My name is Raphael Aggio and I would like to welcome you to my website. I am an electronic technician and a biologist. In the beginning of my career I worked for about 5 years at Philips Telecommunications - Brazil, performing installation and maintenance of telephone systems. I then decided to study biology and during most of my bachelors I worked with macro-ecology, etno-biology, fisheries and conservation. When I was about to finish my bachelors I then received a proposal to do a PhD at The University of Auckland - New Zealand, where I was first introduced to Metabolomics and Systems Biology. My PhD was then developed on the analysis of microbial metabolome, construction of metabolic networks for flux balance analysis (FBA) and the development of computer tools to improve the quality and the speed of pipelines for Metabolomics and Systems Biology. I recently created this website in order to store and share some of the computer tools I have developed in the last few years. Feel free to browse around and please contact me if you have any feedback.

At the moment I am a Research Associate at The University of Liverpool, where I am applying bioinformatics to classify metabolomics data based on extracted patterns of Volatile Organic Compounds (VOCs). I am certainly opened for collaborations involving the analysis of interesting datasets and/or to develop new computer tools. Of course, you are more than welcome to contribute and improve any of the tools I have developed.


Raphael Aggio

raphael.aggio [at] gmail.com




R packages

-------------------------------

------------< Metab >------------

-------------------------------

Metab is an R package developed to process metabolomics data in a high-throughput manner. Metab processes data previously analysed by the Automated Mass Spectral Deconvolution and Identification System (AMDIS) and allows users to perform data normalisation and statistical analyses. Metab is available at the Bioconductor database and it can also be downloaded here.

Requirements

Metab requires 3 packages: xcms, svDialogs and pander. These packages can also be downloaded from Bioconductor or CRAN.

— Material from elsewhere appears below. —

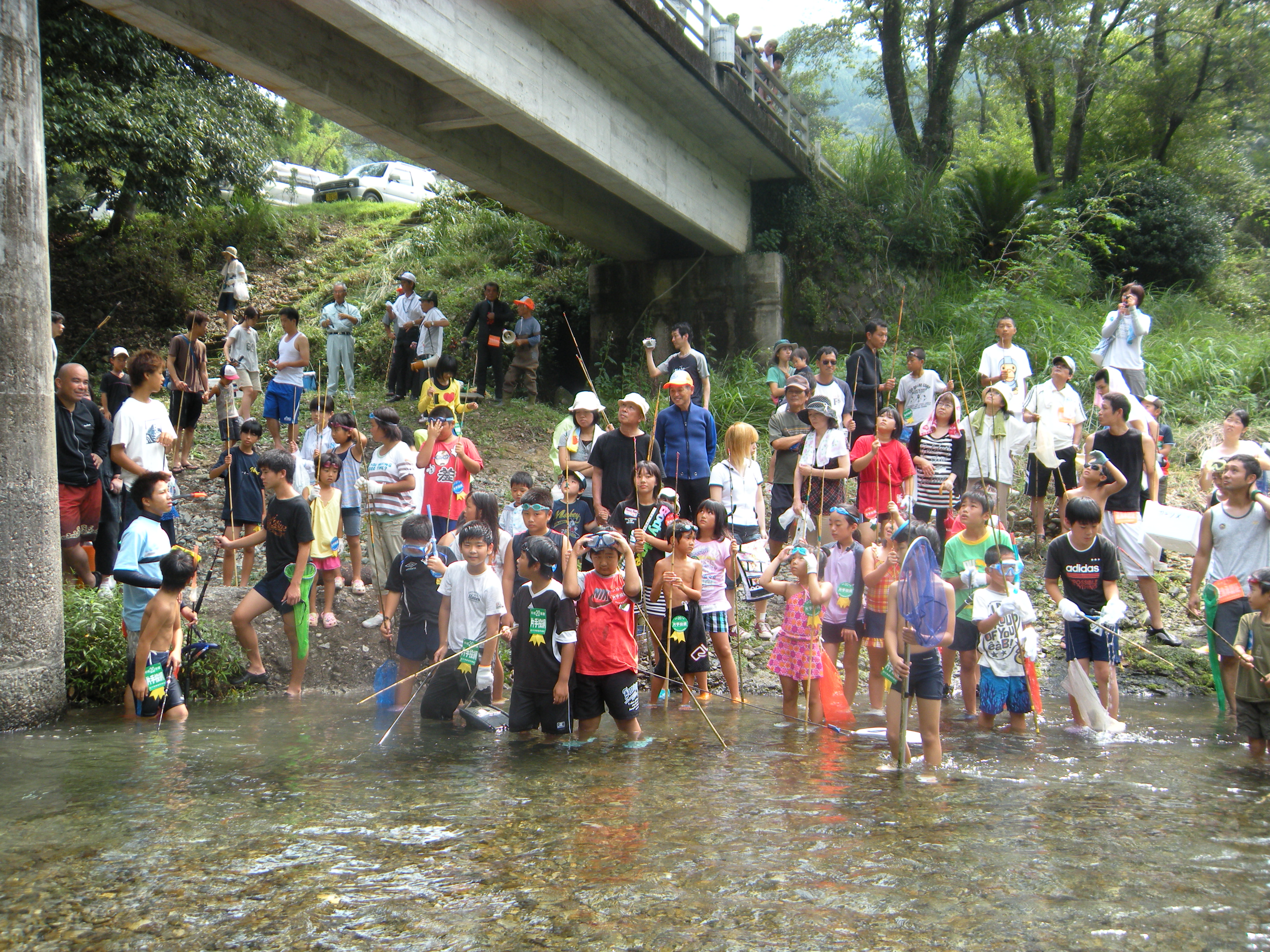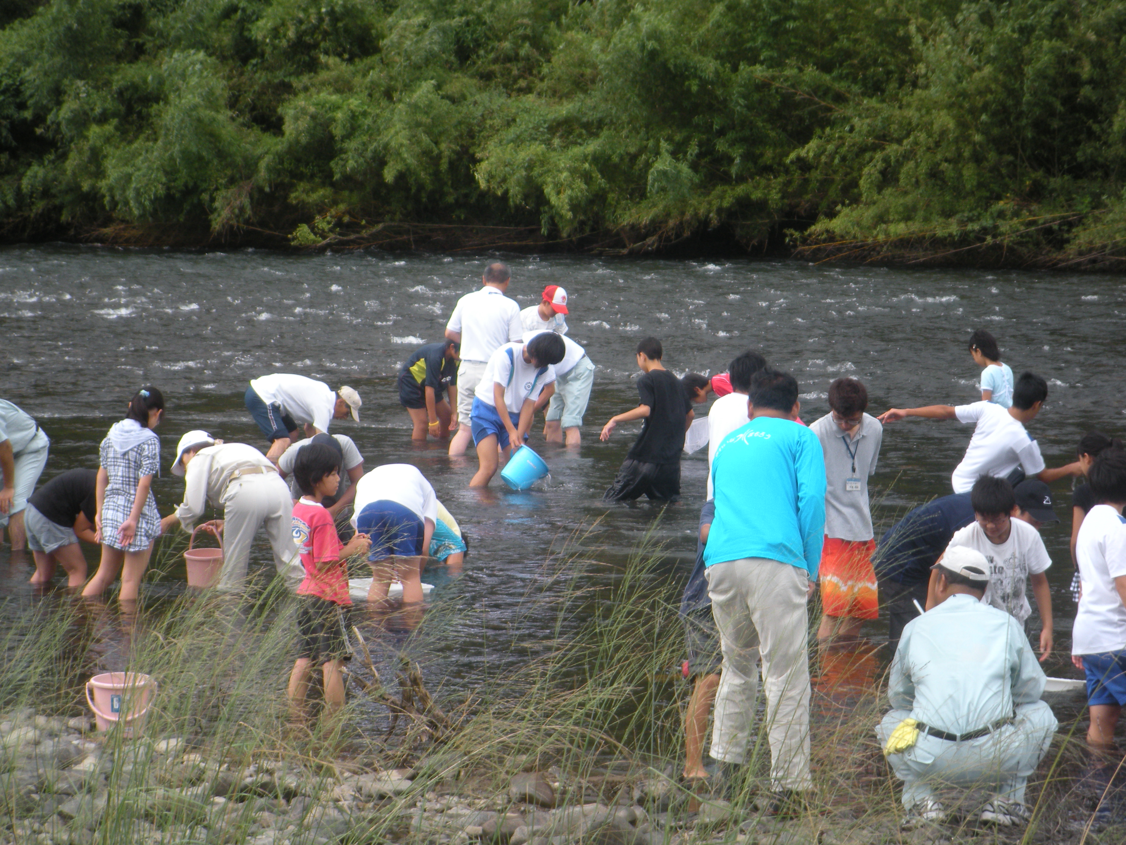 北川ダム湖環境整備推進協議会のすすめるダム湖環境保全の一環として、関係機関及び関係団体等が協力し、ダム湖上下流域の子ども達の交流により、それぞれの水辺の環境を理解することにより、北川の清流を守ろうとするものです。

Installing Metab from Bioconductor

If you decide to install Metab from Bioconductor, you can copy the following code and paste it in your R console. It should download Metab, its required packages and perform all the installation:

### Load biocLite - a Bioconductor script to
### automate the download and installation of
### required packages #####
source("http://bioconductor.org/biocLite.R")
### Install Metab ####
biocLite("Metab")

Installing Metab from source file

If you decide to install Metab using the source file available here, you can follow the steps described bellow:

### Install required packages
source("http://bioconductor.org/biocLite.R")
biocLite(c("xcms", "svDialogs", "pander”))
### Install Metab
install.packages(“Metab_0.99.7.tar.gz", type = "source")



------------------------------

------------< PAPi >------------

------------------------------

PAPi is an R package developed to predict the activity of metabolic pathways based solely on metabolomics data sets. Based on the number and abundances of metabolites identified per metabolic pathway, PAPi calculates the activity score of metabolic pathways in the Kyoto Encyclopedia of Genes and Genomes (KEGG). PAPi is available at the Bioconductor database and it can also be downloaded here.

Requirements

PAPi requires 2 packages: svDialogs and KEGGREST. These packages can also be downloaded from Bioconductor or CRAN.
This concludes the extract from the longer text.